Your task is to print all of the data below exactly, with no pictures included.

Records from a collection
^^^^^^^^^^^^^^^^
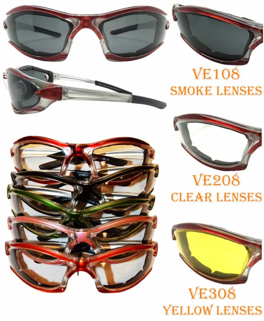 12 pack Sunglasses. 5 Assorted Colors 2 of each Color, Orange, Red, Green, Pink & 4 Black Our eye-wear is made from top quality materials. UV400 Filtering. Foam Padded for additional wind & dust protection. Aerodynamic form stays in place while riding. All of our eye-wear have shatterproof poly-carbonate lenses. Our lenses exceed the requirements set for impact tests. FEATURES
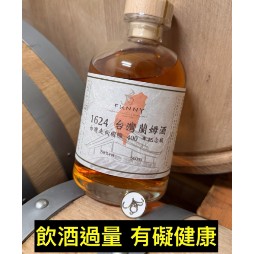 Funny Distillery<br/>Taiwan’s first international-grade urban craft distillery, a pioneer of creative spirits.<br/>Our vision: “To add a touch of Taiwan to the world of international spirits” — crafting distinctive Taiwanese Rum and Whisky.<br/>Help fun people, do fun things, craft fun spirits, and let the world shout FUN!<br/><br/>Crafted 100% in Taiwan with:<br/>Taiwanese cane molasses + Taiwanese distillers + Taiwanese distillery (100% MIT, Made in Taiwan!)<br/><br/>? Nose: Signature high-ester rum aromas of bubblegum and tropical fruits<br/>? Palate: Rich cane sugar, grass jelly, shaved ice — evoking the soul of Taiwanese nostalgia<br/>? Finish: Vanilla, jasmine, pineapple, smoked plum, even a roasted tea note reminiscent of aged whisky<br/><br/>🛠 Craftsmanship & Flavor Connections | A masterpiece from an international distilling team!<br/>🥃 Fermentation with Taiwan Sugar molasses – layers of brown sugar, bubblegum, and dark sugar <br/>🥃 Unique yeast – Funny yeast creates pollen-like floral notes and fruity acidity <br/>🥃 Modified Lomond still, double distillation – extracting defined aromas and rich oily textures<br/>🥃 Maturation in new American oak, C2 (medium toast) & C3 (heavy toast) casks – vanilla, nuts, dried fruits, smoked plum, and condensed milk accents<br/>🥃 Expert blending – building deep complexity with both international quality and true Taiwanese character<br/>🥃 500ml |💥 58% ABV<br/><br/>“1624 Taiwan Rum” — a tribute to traditional rum lovers, showcasing Funny Distillery’s solid foundations.
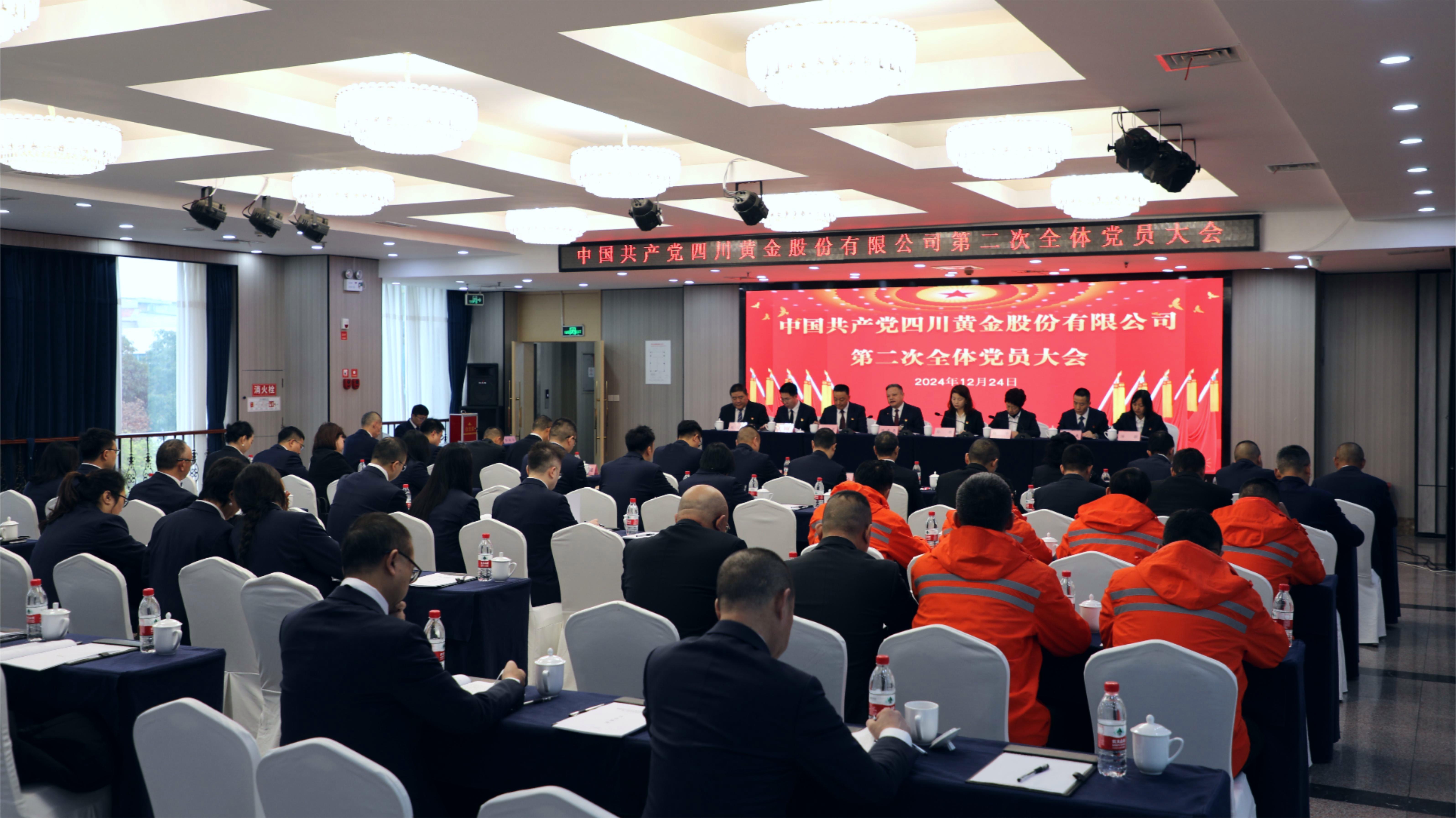 2024年12月24日,中國共產(chǎn)黨四川黃金股份有限公司第二次全體黨員大會在成都召開。會議由公司黨委副書記、副董事長、總經(jīng)理吳安東主持,區(qū)調(diào)隊黨委副書記孫瑕,紀(jì)委書記、工會主席楊華到會指導(dǎo)。
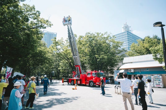 来場した子供たちが目を輝かせていたのが、「車輌展示コーナー」。「もしもFES渋谷」では初展示となる40m級「はしご車」が初日に登場。普段間近で見ることができない40m級「はしご車」を目の前に、「大きい!」「かっこいい!」と声を上げていました。消防隊員が消防作業の際に乗る「バスケット」に乗り記念撮影をした家族は「もしもの時に助けになる車両を感じることができてとてもためになった」と話していました。また、狭い道路でも通行が可能な電動トライクと呼ばれる車両も展示。実際に座席に座り消防隊員気分を味わっている様子でした。
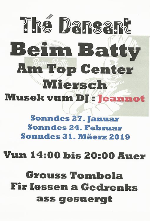 Sonndes, den 27. Januar organiséiert de Mierscher Fëscherclub, vun 14:00 bis 20:00 Auer, säin éischten Thé Dansant fir dëst Joer beim Batty zu Miersch am Top-Center, mam DJ Jeannot.
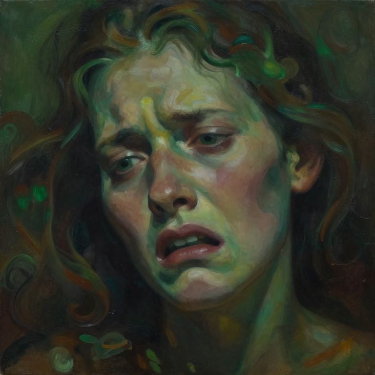 Disgust portrayed in a surreal style, a face twisted with aversion amid swirling, dark green and brown hues, organic textures blending into the background, conveying deep emotional repulsion, soft eerie lighting, expressionist artwork.
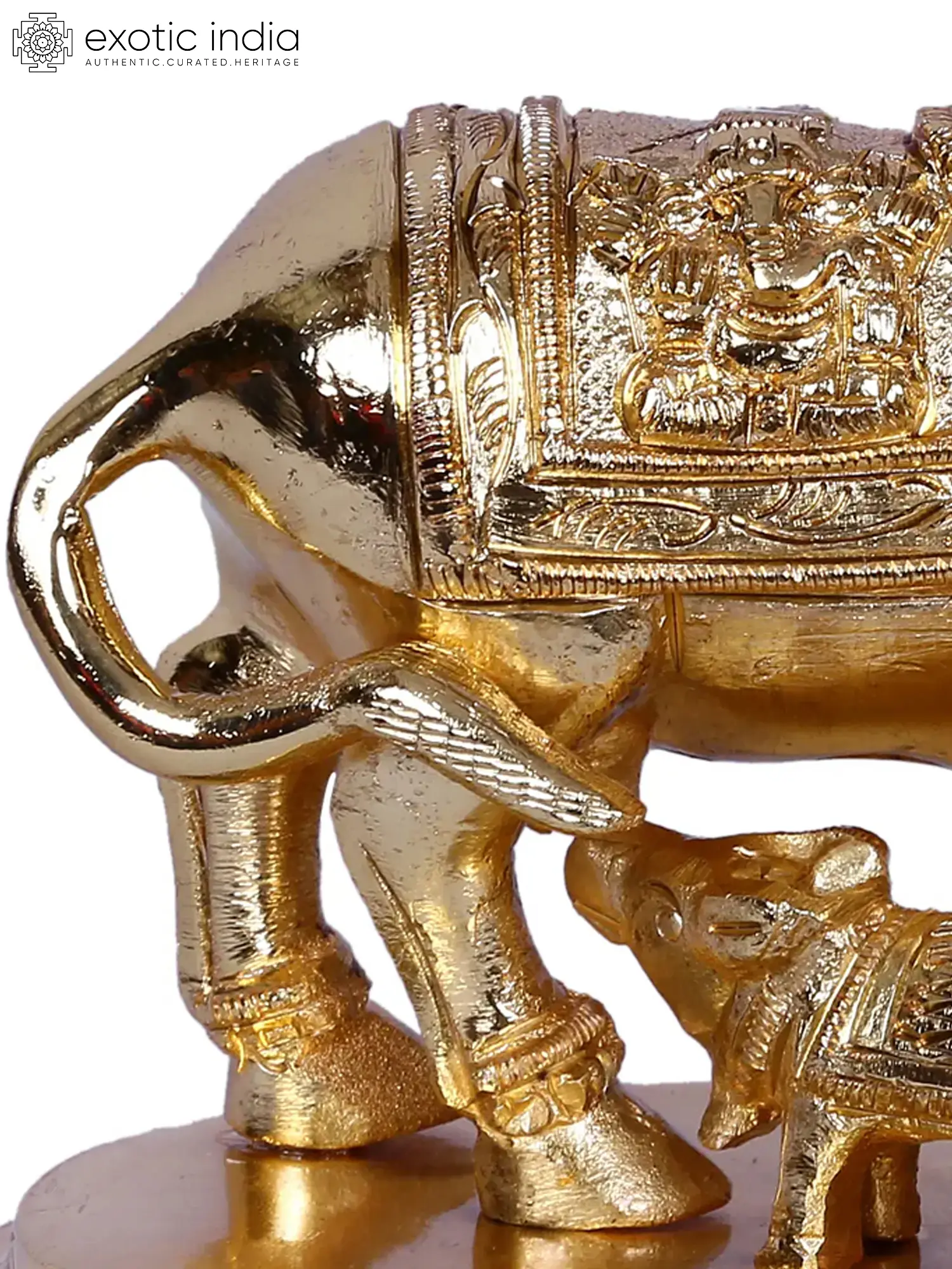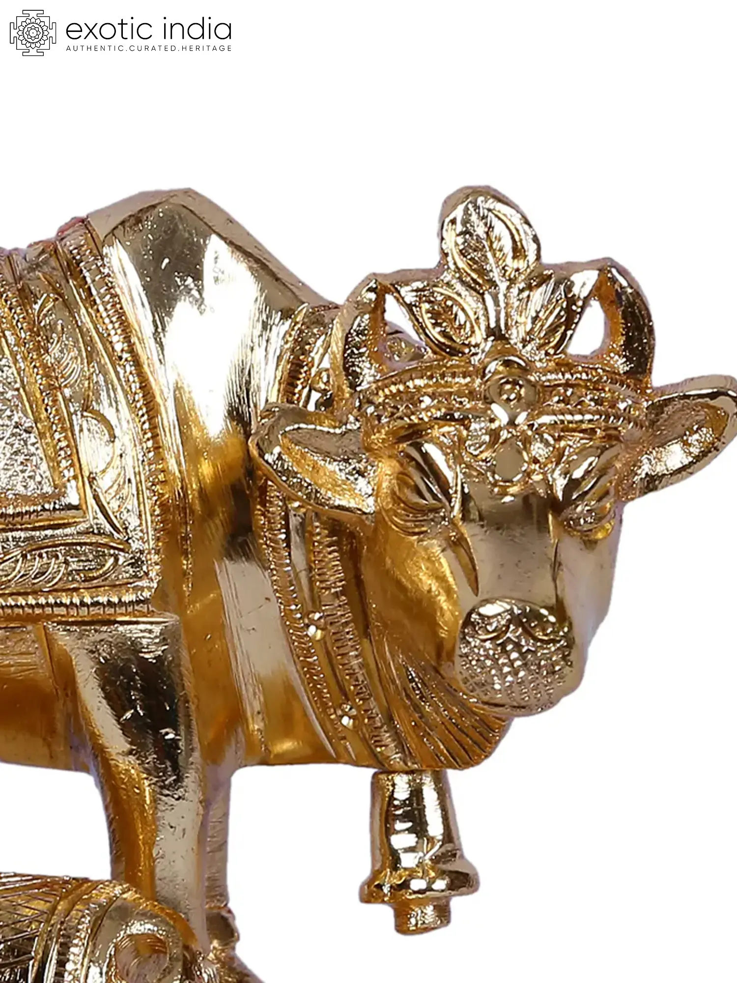 Celebrate the sacred bond of motherhood with this stunning gold-plated brass statue depicting a mother cow and her calf. The details and rich gold finish accentuate the tenderness of their connection. This statue embodies the virtues of nurturing, compassion, and the unbreakable love between mother and child. Bring a sense of warmth and auspiciousness into your home with this beautiful representation of the divine feminine.
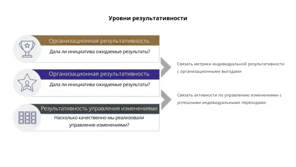 Фаза 3 – Закрепление результатов – на этом этапе организация измеряет уровень принятия, собирает обратную связь и предпринимает шаги, чтобы изменения закрепились
^^^^^^^^^^^^^^^^
## REPLY TO THE EXERCISE
 12 pack Sunglasses. 5 Assorted Colors 2 of each Color, Orange, Red, Green, Pink & 4 Black Our eye-wear is made from top quality materials. UV400 Filtering. Foam Padded for additional wind & dust protection. Aerodynamic form stays in place while riding. All of our eye-wear have shatterproof poly-carbonate lenses. Our lenses exceed the requirements set for impact tests. FEATURES
 Funny Distillery<br/>Taiwan’s first international-grade urban craft distillery, a pioneer of creative spirits.<br/>Our vision: “To add a touch of Taiwan to the world of international spirits” — crafting distinctive Taiwanese Rum and Whisky.<br/>Help fun people, do fun things, craft fun spirits, and let the world shout FUN!<br/><br/>Crafted 100% in Taiwan with:<br/>Taiwanese cane molasses + Taiwanese distillers + Taiwanese distillery (100% MIT, Made in Taiwan!)<br/><br/>? Nose: Signature high-ester rum aromas of bubblegum and tropical fruits<br/>? Palate: Rich cane sugar, grass jelly, shaved ice — evoking the soul of Taiwanese nostalgia<br/>? Finish: Vanilla, jasmine, pineapple, smoked plum, even a roasted tea note reminiscent of aged whisky<br/><br/>🛠 Craftsmanship & Flavor Connections | A masterpiece from an international distilling team!<br/>🥃 Fermentation with Taiwan Sugar molasses – layers of brown sugar, bubblegum, and dark sugar <br/>🥃 Unique yeast – Funny yeast creates pollen-like floral notes and fruity acidity <br/>🥃 Modified Lomond still, double distillation – extracting defined aromas and rich oily textures<br/>🥃 Maturation in new American oak, C2 (medium toast) & C3 (heavy toast) casks – vanilla, nuts, dried fruits, smoked plum, and condensed milk accents<br/>🥃 Expert blending – building deep complexity with both international quality and true Taiwanese character<br/>🥃 500ml |💥 58% ABV<br/><br/>“1624 Taiwan Rum” — a tribute to traditional rum lovers, showcasing Funny Distillery’s solid foundations.
 2024年12月24日,中國共產(chǎn)黨四川黃金股份有限公司第二次全體黨員大會在成都召開。會議由公司黨委副書記、副董事長、總經(jīng)理吳安東主持,區(qū)調(diào)隊黨委副書記孫瑕,紀(jì)委書記、工會主席楊華到會指導(dǎo)。
 来場した子供たちが目を輝かせていたのが、「車輌展示コーナー」。「もしもFES渋谷」では初展示となる40m級「はしご車」が初日に登場。普段間近で見ることができない40m級「はしご車」を目の前に、「大きい!」「かっこいい!」と声を上げていました。消防隊員が消防作業の際に乗る「バスケット」に乗り記念撮影をした家族は「もしもの時に助けになる車両を感じることができてとてもためになった」と話していました。また、狭い道路でも通行が可能な電動トライクと呼ばれる車両も展示。実際に座席に座り消防隊員気分を味わっている様子でした。
 Sonndes, den 27. Januar organiséiert de Mierscher Fëscherclub, vun 14:00 bis 20:00 Auer, säin éischten Thé Dansant fir dëst Joer beim Batty zu Miersch am Top-Center, mam DJ Jeannot.
 Disgust portrayed in a surreal style, a face twisted with aversion amid swirling, dark green and brown hues, organic textures blending into the background, conveying deep emotional repulsion, soft eerie lighting, expressionist artwork.
 Celebrate the sacred bond of motherhood with this stunning gold-plated brass statue depicting a mother cow and her calf. The details and rich gold finish accentuate the tenderness of their connection. This statue embodies the virtues of nurturing, compassion, and the unbreakable love between mother and child. Bring a sense of warmth and auspiciousness into your home with this beautiful representation of the divine feminine.
 Фаза 3 – Закрепление результатов – на этом этапе организация измеряет уровень принятия, собирает обратную связь и предпринимает шаги, чтобы изменения закрепились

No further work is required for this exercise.